No pictures in the copy, please: retype all the records exactly.

* [Extracted data entries]
== Segment start ==
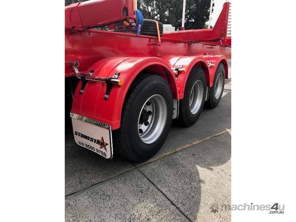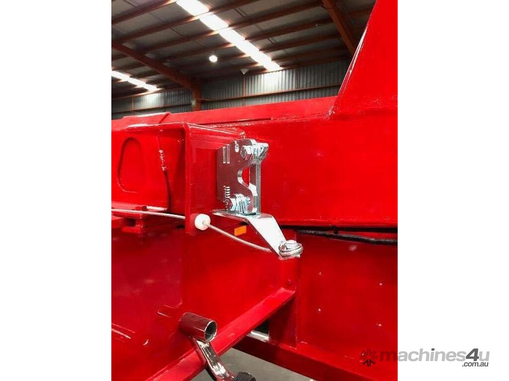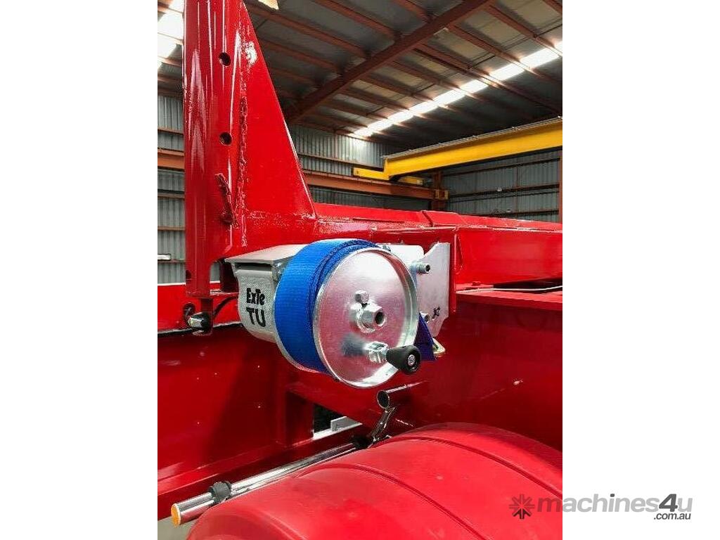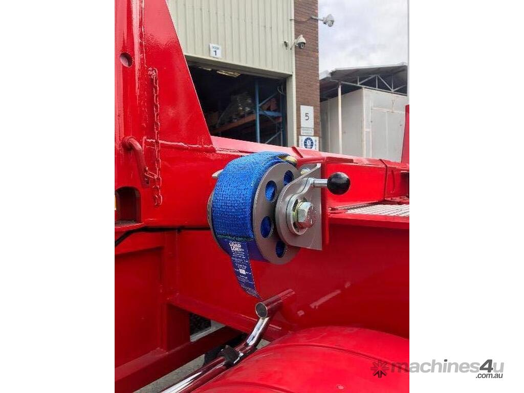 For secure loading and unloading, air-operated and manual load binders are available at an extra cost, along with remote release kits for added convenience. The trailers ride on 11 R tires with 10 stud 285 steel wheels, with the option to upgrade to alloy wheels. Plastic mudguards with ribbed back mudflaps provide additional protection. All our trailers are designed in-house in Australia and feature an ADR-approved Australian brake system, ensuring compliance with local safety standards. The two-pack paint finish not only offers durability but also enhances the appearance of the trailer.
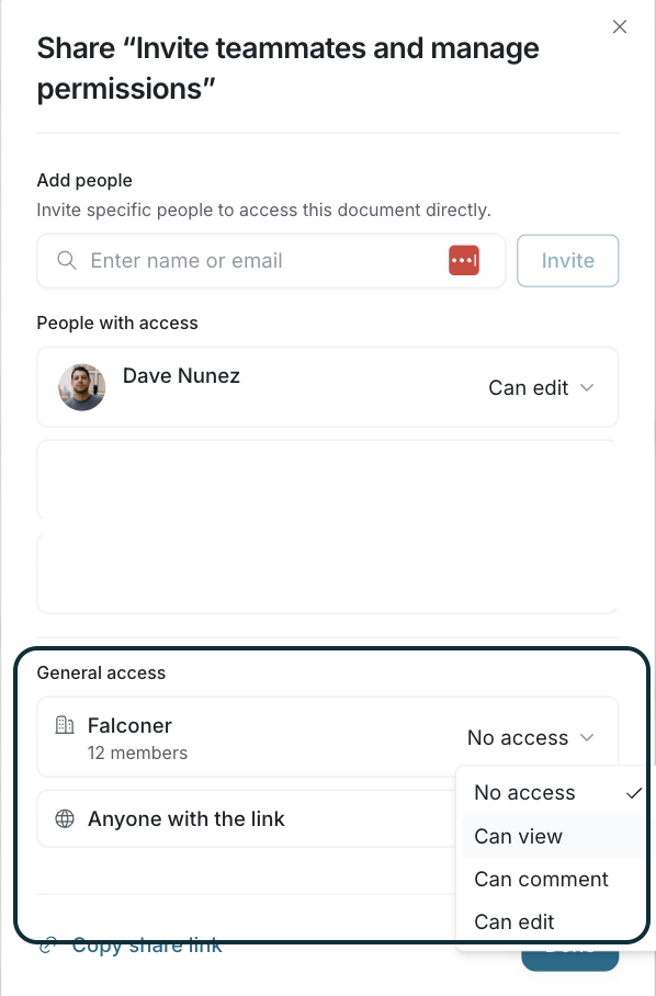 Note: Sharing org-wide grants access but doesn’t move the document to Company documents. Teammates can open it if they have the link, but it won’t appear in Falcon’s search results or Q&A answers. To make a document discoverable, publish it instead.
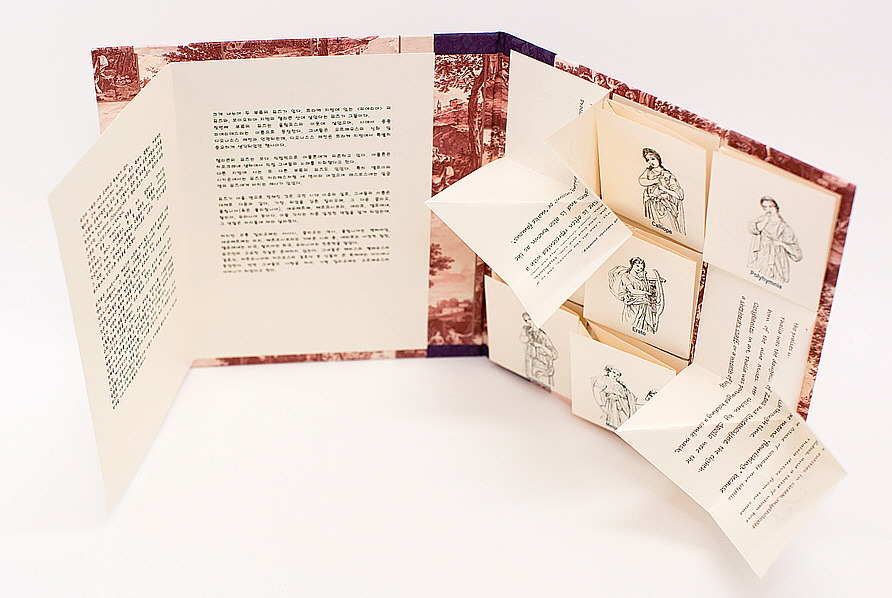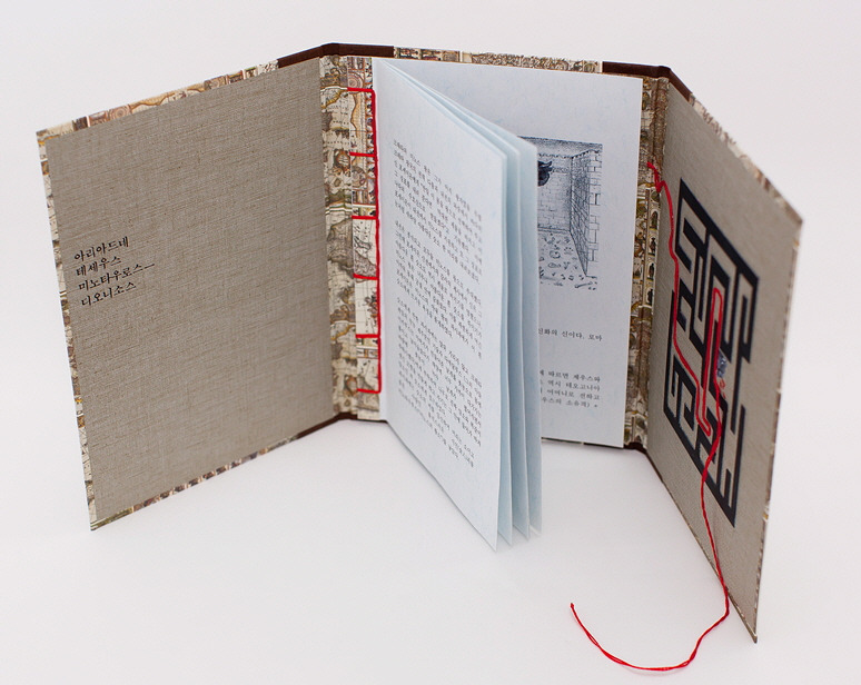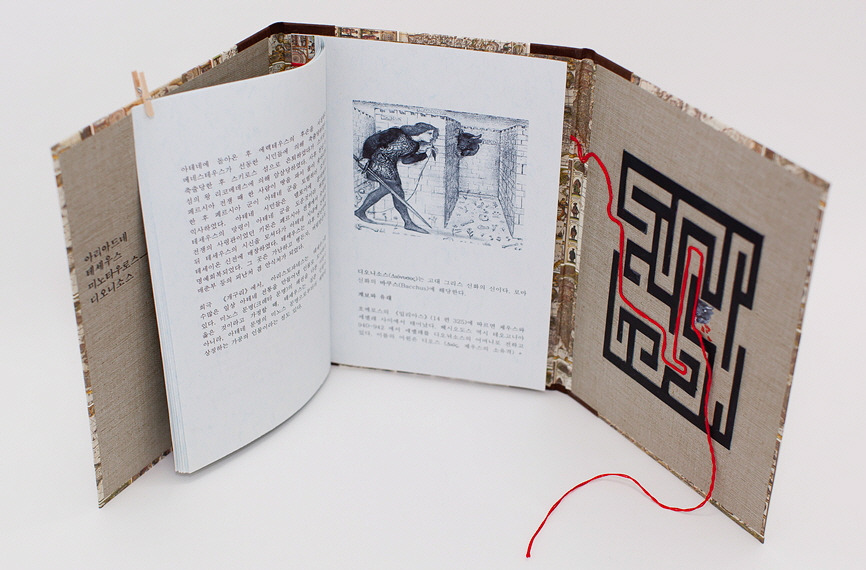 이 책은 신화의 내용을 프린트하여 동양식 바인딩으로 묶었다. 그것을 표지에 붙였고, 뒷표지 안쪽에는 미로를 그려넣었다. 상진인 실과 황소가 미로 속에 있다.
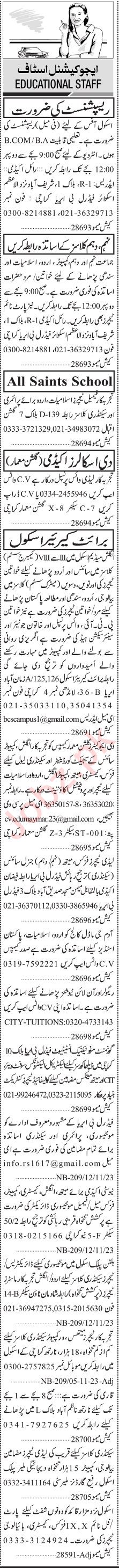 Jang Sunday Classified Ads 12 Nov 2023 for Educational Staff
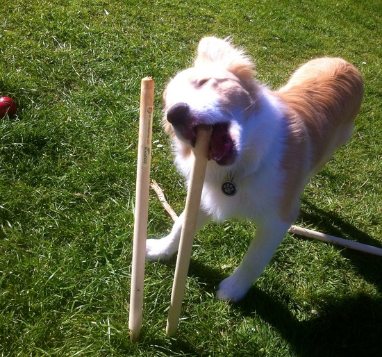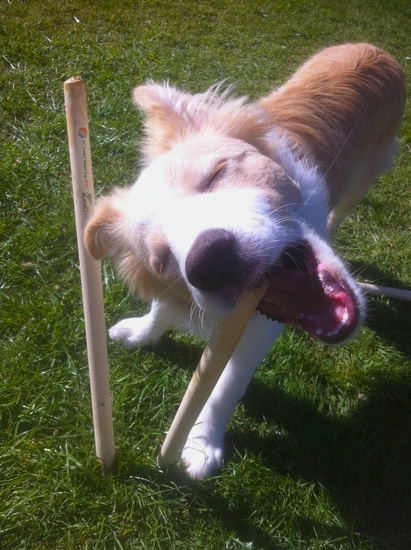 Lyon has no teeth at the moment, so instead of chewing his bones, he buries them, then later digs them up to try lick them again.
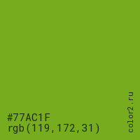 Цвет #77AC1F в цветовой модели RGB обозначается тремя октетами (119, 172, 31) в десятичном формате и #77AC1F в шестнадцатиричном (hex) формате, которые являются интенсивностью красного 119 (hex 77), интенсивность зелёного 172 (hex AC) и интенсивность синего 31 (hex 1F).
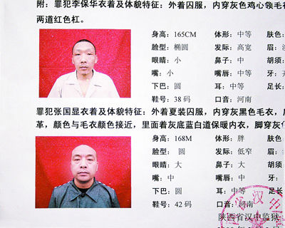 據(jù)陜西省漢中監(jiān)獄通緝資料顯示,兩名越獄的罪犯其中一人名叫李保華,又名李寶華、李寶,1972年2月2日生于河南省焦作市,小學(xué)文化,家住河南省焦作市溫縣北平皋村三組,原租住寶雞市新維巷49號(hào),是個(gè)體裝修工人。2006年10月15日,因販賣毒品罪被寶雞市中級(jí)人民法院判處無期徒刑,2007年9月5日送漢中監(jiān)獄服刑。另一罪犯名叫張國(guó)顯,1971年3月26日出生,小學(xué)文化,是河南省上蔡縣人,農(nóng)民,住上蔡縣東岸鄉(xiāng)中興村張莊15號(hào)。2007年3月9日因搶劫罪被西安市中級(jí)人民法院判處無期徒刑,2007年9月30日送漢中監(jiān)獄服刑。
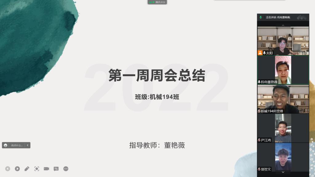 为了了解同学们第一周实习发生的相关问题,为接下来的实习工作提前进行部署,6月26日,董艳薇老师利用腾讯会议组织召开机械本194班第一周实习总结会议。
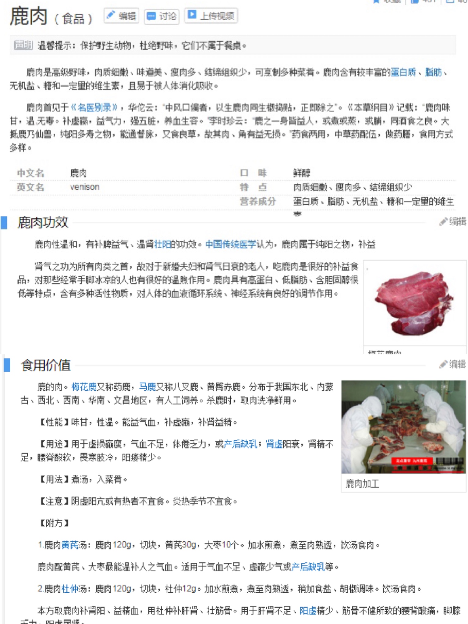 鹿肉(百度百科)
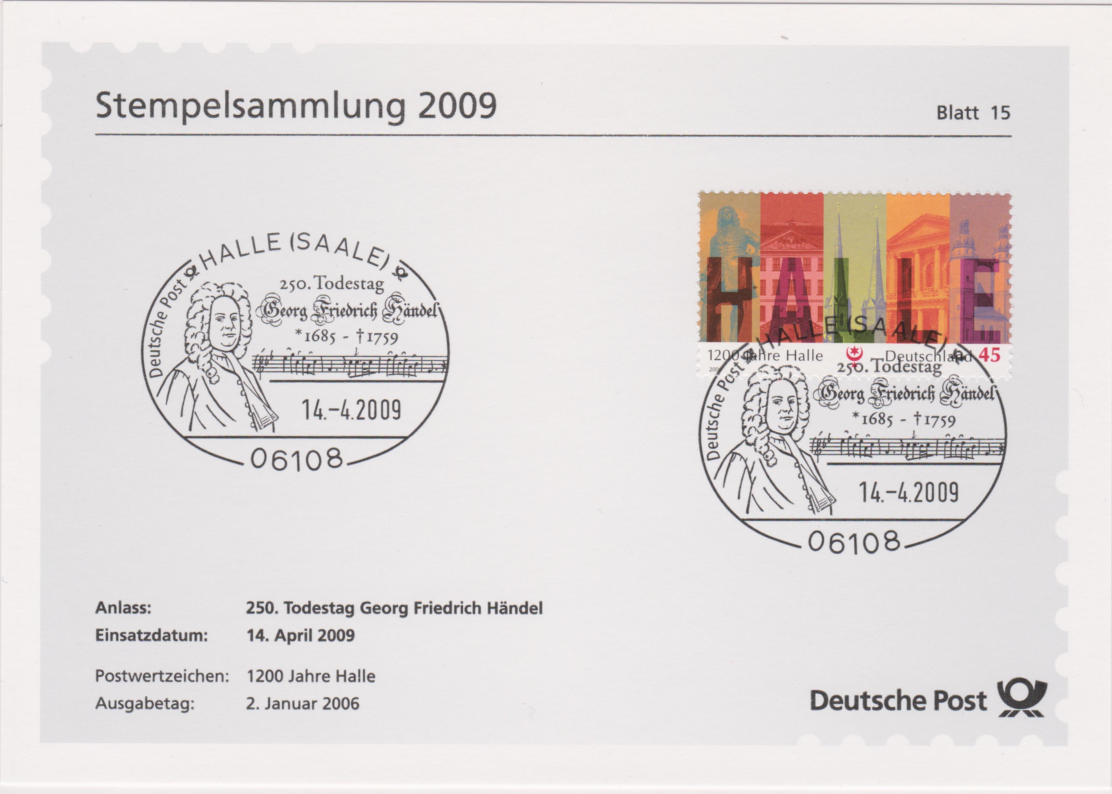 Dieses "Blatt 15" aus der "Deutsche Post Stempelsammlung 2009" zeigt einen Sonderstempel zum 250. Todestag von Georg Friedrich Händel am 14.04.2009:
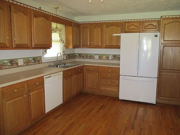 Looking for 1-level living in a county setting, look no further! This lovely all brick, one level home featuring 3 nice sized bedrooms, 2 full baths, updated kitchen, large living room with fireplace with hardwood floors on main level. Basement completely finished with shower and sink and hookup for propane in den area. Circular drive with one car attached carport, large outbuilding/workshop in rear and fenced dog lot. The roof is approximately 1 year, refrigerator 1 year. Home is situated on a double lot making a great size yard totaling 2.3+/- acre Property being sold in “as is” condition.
== Segment end ==
* [ANSWER TO THE EXERCISE]
 For secure loading and unloading, air-operated and manual load binders are available at an extra cost, along with remote release kits for added convenience. The trailers ride on 11 R tires with 10 stud 285 steel wheels, with the option to upgrade to alloy wheels. Plastic mudguards with ribbed back mudflaps provide additional protection. All our trailers are designed in-house in Australia and feature an ADR-approved Australian brake system, ensuring compliance with local safety standards. The two-pack paint finish not only offers durability but also enhances the appearance of the trailer.
 Note: Sharing org-wide grants access but doesn’t move the document to Company documents. Teammates can open it if they have the link, but it won’t appear in Falcon’s search results or Q&A answers. To make a document discoverable, publish it instead.
 이 책은 신화의 내용을 프린트하여 동양식 바인딩으로 묶었다. 그것을 표지에 붙였고, 뒷표지 안쪽에는 미로를 그려넣었다. 상진인 실과 황소가 미로 속에 있다.
 Jang Sunday Classified Ads 12 Nov 2023 for Educational Staff
 Lyon has no teeth at the moment, so instead of chewing his bones, he buries them, then later digs them up to try lick them again.
 Цвет #77AC1F в цветовой модели RGB обозначается тремя октетами (119, 172, 31) в десятичном формате и #77AC1F в шестнадцатиричном (hex) формате, которые являются интенсивностью красного 119 (hex 77), интенсивность зелёного 172 (hex AC) и интенсивность синего 31 (hex 1F).
 據(jù)陜西省漢中監(jiān)獄通緝資料顯示,兩名越獄的罪犯其中一人名叫李保華,又名李寶華、李寶,1972年2月2日生于河南省焦作市,小學(xué)文化,家住河南省焦作市溫縣北平皋村三組,原租住寶雞市新維巷49號(hào),是個(gè)體裝修工人。2006年10月15日,因販賣毒品罪被寶雞市中級(jí)人民法院判處無期徒刑,2007年9月5日送漢中監(jiān)獄服刑。另一罪犯名叫張國(guó)顯,1971年3月26日出生,小學(xué)文化,是河南省上蔡縣人,農(nóng)民,住上蔡縣東岸鄉(xiāng)中興村張莊15號(hào)。2007年3月9日因搶劫罪被西安市中級(jí)人民法院判處無期徒刑,2007年9月30日送漢中監(jiān)獄服刑。
 为了了解同学们第一周实习发生的相关问题,为接下来的实习工作提前进行部署,6月26日,董艳薇老师利用腾讯会议组织召开机械本194班第一周实习总结会议。
 鹿肉(百度百科)
 Dieses "Blatt 15" aus der "Deutsche Post Stempelsammlung 2009" zeigt einen Sonderstempel zum 250. Todestag von Georg Friedrich Händel am 14.04.2009:
 Looking for 1-level living in a county setting, look no further! This lovely all brick, one level home featuring 3 nice sized bedrooms, 2 full baths, updated kitchen, large living room with fireplace with hardwood floors on main level. Basement completely finished with shower and sink and hookup for propane in den area. Circular drive with one car attached carport, large outbuilding/workshop in rear and fenced dog lot. The roof is approximately 1 year, refrigerator 1 year. Home is situated on a double lot making a great size yard totaling 2.3+/- acre Property being sold in “as is” condition.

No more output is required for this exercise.